The nation and the legal fraternity in Samoa are mourning the loss of a prominent lawyer and a great pioneer.
It follows the passing of Tuala Karanita Loveni Enari, who lost his battle with cancer on Monday evening at his home at Fuisa’a Vaiala.
He was 75.
Tuala is survived by his wife, Lyne Isobelle Enari and their three children, Tuifuisa’a Loveni Enari, Polamalama Bryan Enari and Alaimalo Falefatu Enari.
Tuala was born on the 12 March 1941 to his parents Tuala Tamalelagi Punefu Enari and Lesaoa’i Iosefa Enari.
He had roots in the villages of Nofoali’i, Vaiala, Lepa, Safune and Sataua.
The family spokesperson, Auelua Taito Samuelu Enari described Tuala as a “committed, practical and a family man.”
“Tuala was a man of not many words,” said Auelua. “He was not talkative but he was a very practical man. He was very committed, and was a family person.
“Tuala loved his family and especially the children; but not just his children, he treated all the other children in his family as his own.”
Auelua said Tuala had a passion to develop sports as pathway to a better future for young Samoans.
“He invested a lot in sports and gave a lot to the community. He was a member of the Samoa Referees Association for a very long time and he also contributed a lot of time and money to support the Samoa Rugby Union. He loved sports and youth.”
Auelua also remembered how Tuala used to offer his services as a lawyer for free for the youth who needed help.
“Sometimes, he would offer his service for free and then ask the youth to cut down the grass at the back of his house as a way of paying back his service.
“He always had a heart for helping and developing the youth of Samoa. One unique feature about him was that he would always help the people whom the community frowns upon. He was always there to help them out no matter where they came from or who they were.”
Tuala was also a critical man, said Auelua.
“He loved debating; he used to start up debates just because he loved debating. But Tuala never liked getting people’s attention. He would always stay away from the limelight.”
Tuala had been battling long cancer before he was called home.
“He went back to New Zealand in November and he was told by the doctors during his checkups that he had cancer and it was spreading so fast.
“They told him it was impossible to treat it so he decided to come to Samoa. And so it hasn’t been a week since he arrived in Samoa and before he passed away.”
According to Auelua, Tuala went on a government scholarship in 1953 when he was only 12 years old.
He studied at Timaru in New Zealand before he went on to study at the University of Victoria. He graduated from Law School in 1964. Tuala was the first scholarship student from the government to graduate from Law School in New Zealand.
He then worked at the Ministry of External affairs in New Zealand, before he was sent to London by the government of New Zealand for six months.
Tuala returned to Samoa and worked at the Prime Minister’s Office.
He was Secretary to Government from 1967-1974. He was only 27 when he became Secretary to Government and was the youngest Head of Department at that time.

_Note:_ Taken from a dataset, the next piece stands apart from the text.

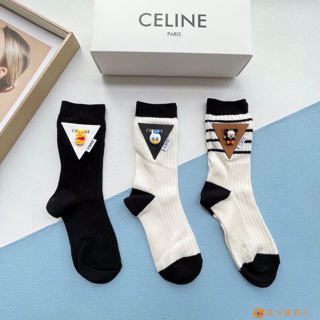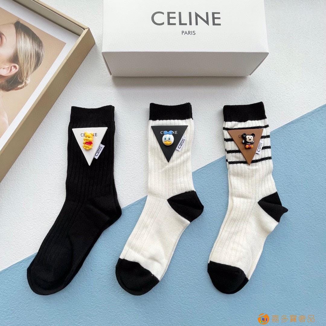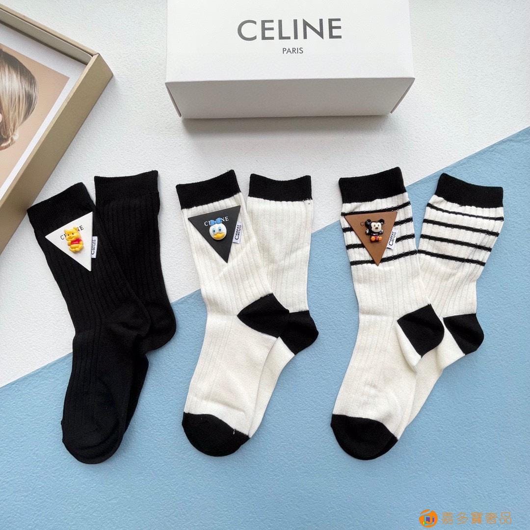 配包装【一盒三双】?Celine赛琳 爆款中筒袜?高版本

He was Secretary to Government for three Prime Ministers in Samoa.
He then practiced his law in Samoa and also had to work for the government most of the times.

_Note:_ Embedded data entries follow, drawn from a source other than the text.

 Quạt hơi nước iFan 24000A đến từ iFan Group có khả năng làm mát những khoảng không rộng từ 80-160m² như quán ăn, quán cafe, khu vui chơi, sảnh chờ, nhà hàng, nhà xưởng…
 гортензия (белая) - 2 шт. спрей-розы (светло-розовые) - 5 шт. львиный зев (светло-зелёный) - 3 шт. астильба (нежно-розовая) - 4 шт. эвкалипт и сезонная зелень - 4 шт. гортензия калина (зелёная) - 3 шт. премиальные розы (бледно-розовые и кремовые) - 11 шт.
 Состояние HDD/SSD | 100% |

Tuala was also selected as an Ambassador for Samoa to the UN in London, but he did not accept it because of family commitments. He was also a lawyer and legal advisor for the government of Nauru.

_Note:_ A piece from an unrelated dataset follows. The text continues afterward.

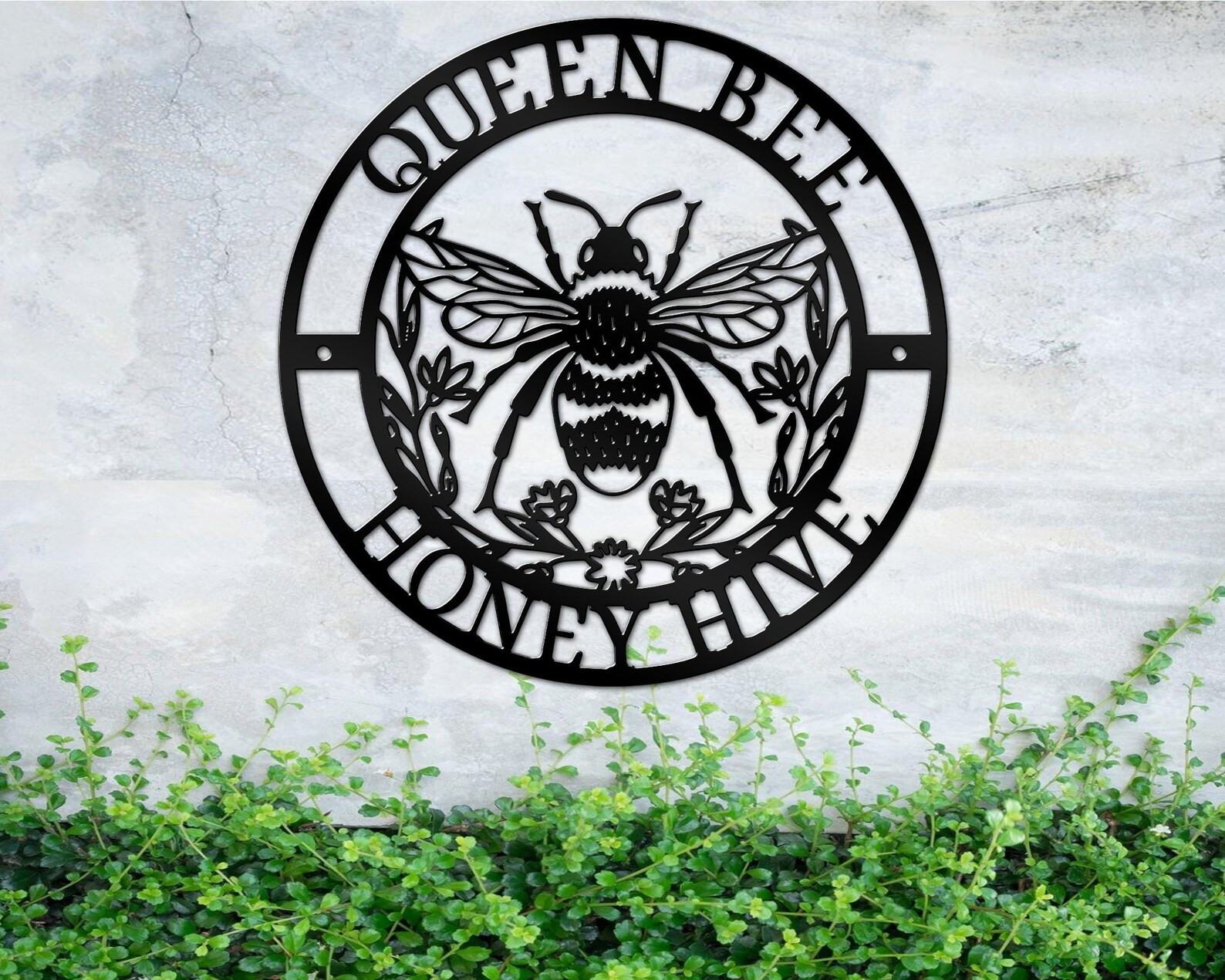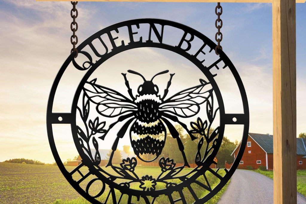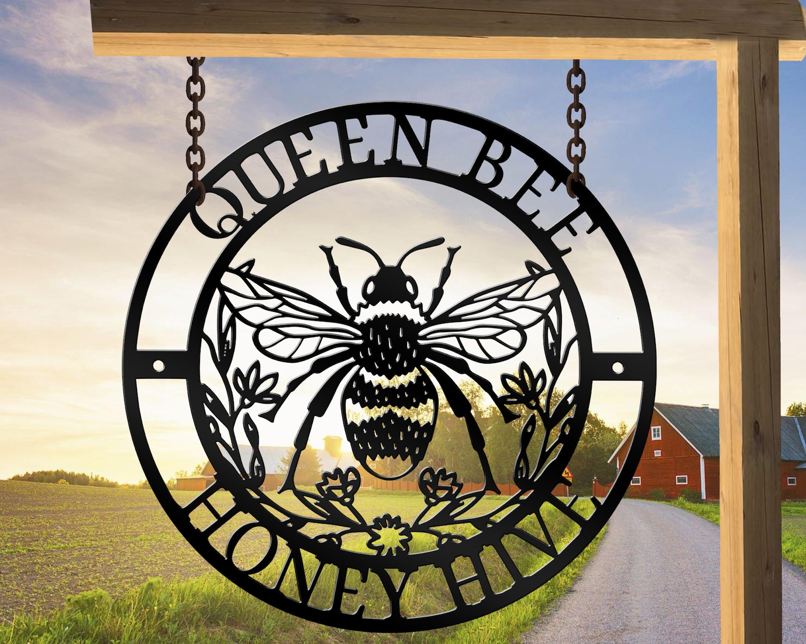 Custom Floral Bee Metal Sign – Farm Kitchen Wall Art

Tuala was also the President for the Samoa Referees Association for more than ten years. His family service will be held at the E.F.K.S Church at Vaiala on the Saturday, 28 of January at 3:00pm.
Tuala’s final services will be held on Tuesday, 31st of January.
His body will be taken from Ligaliga and at 6:30am on Tuesday morning.
He will be laid at his home at Vini-fou until 10:00am for his final services at the E.F.K.S Church at Vaiala.